First Impressions of VoltDB

VoltDB is an intriguing competitor in the quickly developing field of data store alternatives. Answering the charge of NoSQL supporters that “OldSQL” is simply too slow to scale effectively to meet the demands of high transaction applications, VoltDB seeks to demonstrate that it is neither SQL nor the Relational Model that is at fault, but the antiquated disk-centric architecture of the venerable relational database management systems (RDBMS).

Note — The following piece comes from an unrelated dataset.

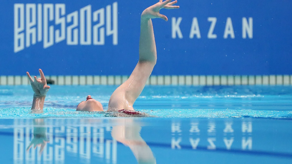 Александра Кузнецова из России во время соревнований по художественному плаванию на Играх БРИКС в Казани, Россия, 14 июня 2024 года. Фото: Максим Шипенков / EPA

VoltDB is a natively partitioned (sharded), single threaded, memory resident data store. Other RDBMS implement sharding to allow for distributed data storage across commodity hardware. However, VoltDB was written with this principle as the basis of the architecture. Sharding in other RDBMS often must be implemented as part of the application stack and presents onerous maintenance hazards (such as managing backups and restores). In recent versions, MySQL has added partitioning abstraction to the product and many organizations have experienced success with MySQL sharding. I can’t speak to how VoltDB compares, but certainly MySQL was not designed with partitioning as a fundamental principle. Regardless, the VoltDB implementation effectively and cleanly abstracts the details of partitioning from the application tiers.

But the most important differentiator is that VoltDB is entirely memory resident. All of the mechanisms that traditional RDBMS rely on to function in a disk-centric architecture have been discarded in the name of performance. This simple and instructive graphic demonstrates how VoltDB rethinks storing relational data.

In addition, VoltDB rejects concurrency in favor of single threaded transactions, thereby eliminating costly locking. As a result VoltDB can measure throughput in hundreds of thousands of transactions per second, a truly astonishing accomplishment.

Even though common performance issues of relational data stores are addressed by VoltDB, NoSQL solutions can still rightly claim that it does nothing to solve the impedance mismatch that software developers have spent so much time trying to work around. Certainly, in time, ORMs will be developed which will greatly ease the pain developers experience. Until someone is able to make the translation as seamless as, say, working with the excellent MongoDB, this will remain a legitimate complaint and an impediment to adoption. However, VoltDB’s response to this should be, “yes, some NoSQL stores speak your language better than VoltDB, but look at what you are giving up!” Losing ad-hoc querying, transactional consistency (ACID), a standardized data access convention (ANSI SQL) and the data integrity promoted by the relational model are a huge price to pay. And as Dr. David DeWitt rightly asked in his presentation to the PASS Summit 2010, “why would you want to write your own query optimizer?” On-Demand Recording (signup required) .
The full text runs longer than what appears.